Over the past few weeks, Den of Geek writers have been voting for their favourite films of the year. In 5th place? The LEGO Movie. And here’s why…
5. The LEGO Movie
Everything about The LEGO Movie takes you by surprise.
It’s a big corporation-funded effort that hates corporations. It’s based on a best-selling toy that comes with pages of detailed instructions, but it’s about the joy of throwing those instructions away. It’s a celebration of the creativity of the individual, but it makes a song of conformity, Everything is Awesome, so catchy that we all end up happily singing it. It tells us, in what must be the ultimate oxymoron, that absolutely every one of us is special. And it is brilliant.

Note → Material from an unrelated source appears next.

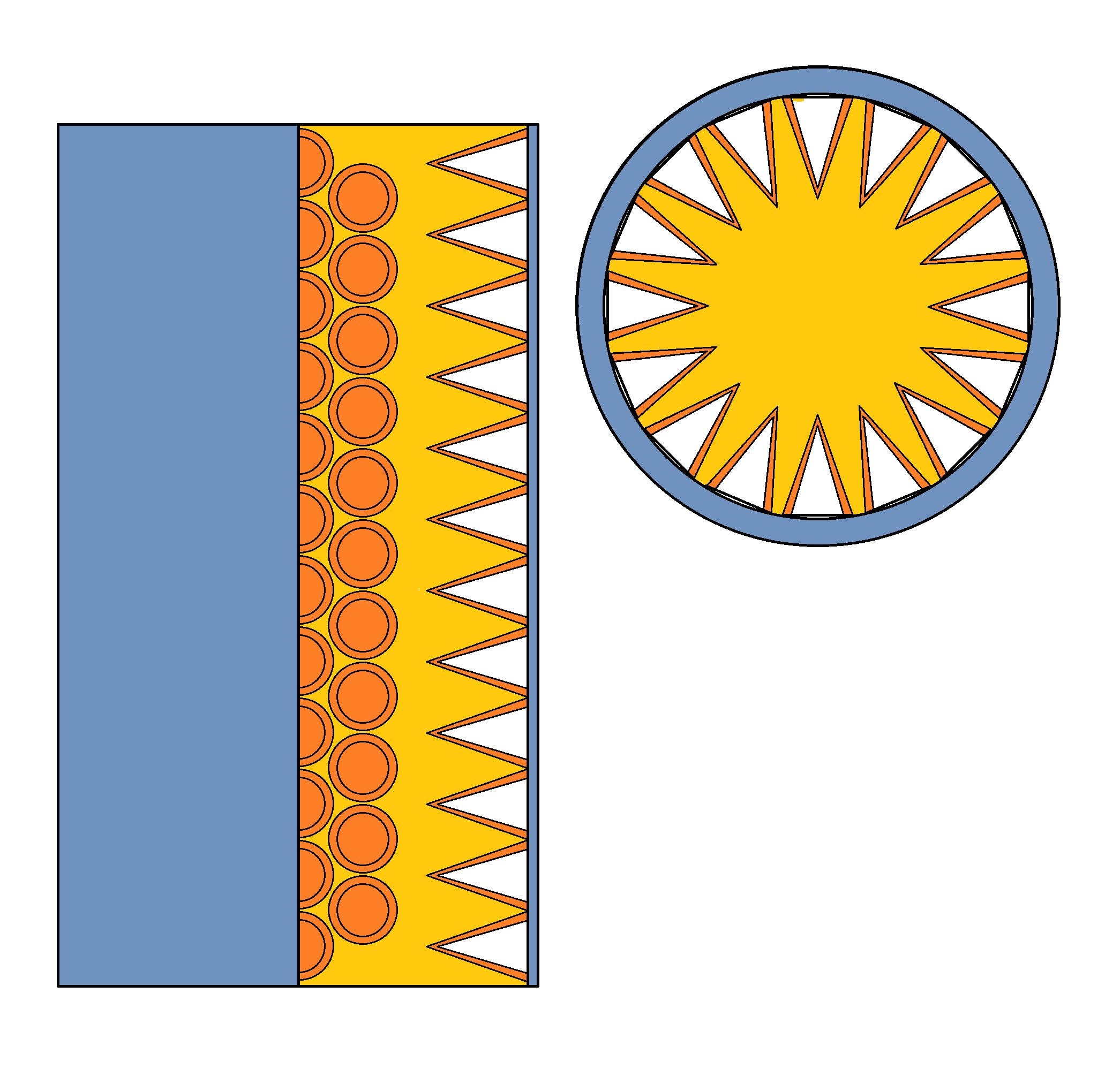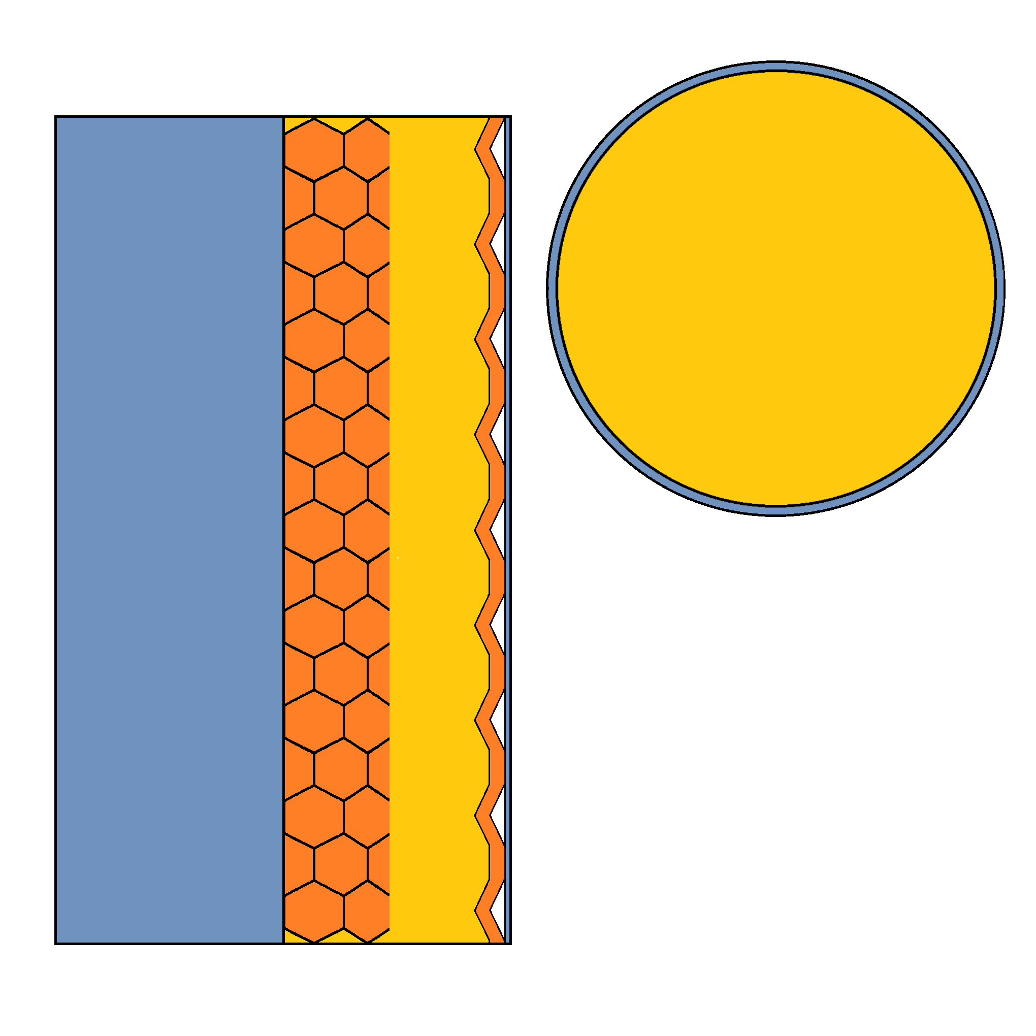 homogenny plášť veľkej hrubky, nálož s povrchovými drážkami - plášť je nad drážkami trhaný na dlhé črepiny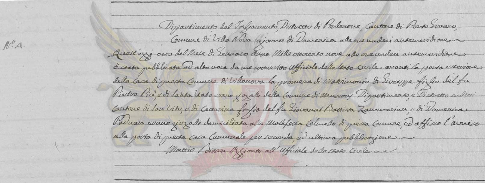 Este dia de hoje oito de Janeiro, ano mil oitocentos e nove às onze horas da manhã foi publicada em alta voz por mim subscrito Oficial do Registro Civil diante da porta exterior da Casa deste Município de Villanova a promessa de matrimônio de Giuseppe filho do finado Pietro Picè e de Santa Uato eram da mesma forma do Município de Mussons Departamento, e Distrito supra citados Cantão de San Vito, e de Cattarina filha do finado Giovanni Battista Zammarian, e de Domenica Paduan da mesma forma domiciliados em Malafesta distrito desse Município, e fixei o aviso na porta desta casa Municipal por segunda, e última publicação.

But the strange thing is that it’s not even that innovative. It obeys three long-standing rules for family movies that seem to have been forgotten along the way by many recent efforts. By sticking to these simple instructions it manages to produce something that feels fresh to a jaded audience:
1. Make a great lead character you can root for
Emmet is your average every-LEGO-man. He lives in Bricksburg, a city where everyone is working hard and building away on the orders of President Business, without really thinking about what they’re building for. Emmet wants to do a good job too, but he also has a deep-seated (and very recognisable) need for somebody to think that he’s really great, and when he meets the enigmatic Wyldstyle and gets declared to be ‘the special’ from some ancient prophecy he goes along with it. It’s an unobtainable and unrealistic dream of being the centre of the universe, and yet it’s exactly where the film is going without once turning Emmet into a superhero.
There are lots of other superheroes in The LEGO Movie but, in an entertaining subversion, they’re just not great enough to save the world when it turns out that President Business is actually the evil Lord Business, and has plans to destroy everything. It’s not enough to be super. You have to be identifiably average in order to be really special. That’s the glorious contradiction at the heart of the film that appeals to us all.
2. Write funny, amazingly catchy dialogue that never patronises
Some family films are filled with jokes that are designed to go straight over the kids’ heads, and sometimes that comes across as sarcastic, or mean-spirited. The LEGO Movie never falls into that trap. It’s for children of all ages: the ones that love Star Wars, the ones that love Harry Potter, the ones that love Lord of the Rings, the ones that love Batman, and the ones that love clever lines that stick in your head forever afterwards. From “darn darn darn darny darn” to “Never place your rear end on a pirate’s face” with a big dose of “SPACESHIP!” along the way, there are so many lines that are perfect for small and big children everywhere.
3. Have a simple but really important message.
Many great family films over the years, from The Wizard of Oz to E.T. to Labyrinth, have opted for the sentiment that there’s no place like home. Others, such as Despicable Me, Up, and Mary Poppins have concentrated on the importance of family, conventional or otherwise. The LEGO Movie shares the same theme as the Harry Potter stories, A Bug’s Life, and Cloudy With A Chance Of Meatballs 1 & 2 (the previous animated films from Phil Lord and Christopher Miller; they directed the first, oversaw the second) – even the smallest of us can change the world. What a great theme that is, and why mess with it?
By getting these rules so right, in other areas The LEGO Movie could afford to take a few risks, and it’s the animation that really strives for a unique effect when it could have so very easily gone for something less challenging, both to create and to watch. The limitations of playing with real LEGO pieces are strictly observed in the film. The minifigures can only be articulated in ways that you can do yourself at home with your own minifigures, and they are made to look as if they have really been played with. Each item and piece of scenery, although computer-generated, looks as if it has been built. It makes the action incredibly frenetic and disjointed and full of interesting moments. It does mean, in the grip of such colourful and constant movement, that it can feel a bit overwhelming at times, particularly as the film approaches its climax. But that’s when the biggest risk pays off – we enter the real world, and the muted colours and quiet, steady movements of the camera leave us utterly charmed, and refreshed enough to plunge back into Bricksburg for the final battle with new vigour.
The LEGO Movie was a huge success, and deservedly so, but it does mean that we’re now faced with another spectre of corporate control in the form of upcoming sequels. Can something that celebrates individuality so brilliantly really continue to work when it’s no longer one of a kind? We’ll have to wait and see, but the sure understanding of what makes films work suggests that Lord and Miller will be able to take the usual limitations of a sequel and turn it to the audience’s advantage.
Maybe we should try not to get too cynical about it all, and trust in the idea that every single one of these planned LEGO movies might just find a way to be special. After all, if any filmic universe can find a way to reinvent itself every time brick by brick, it will be this one.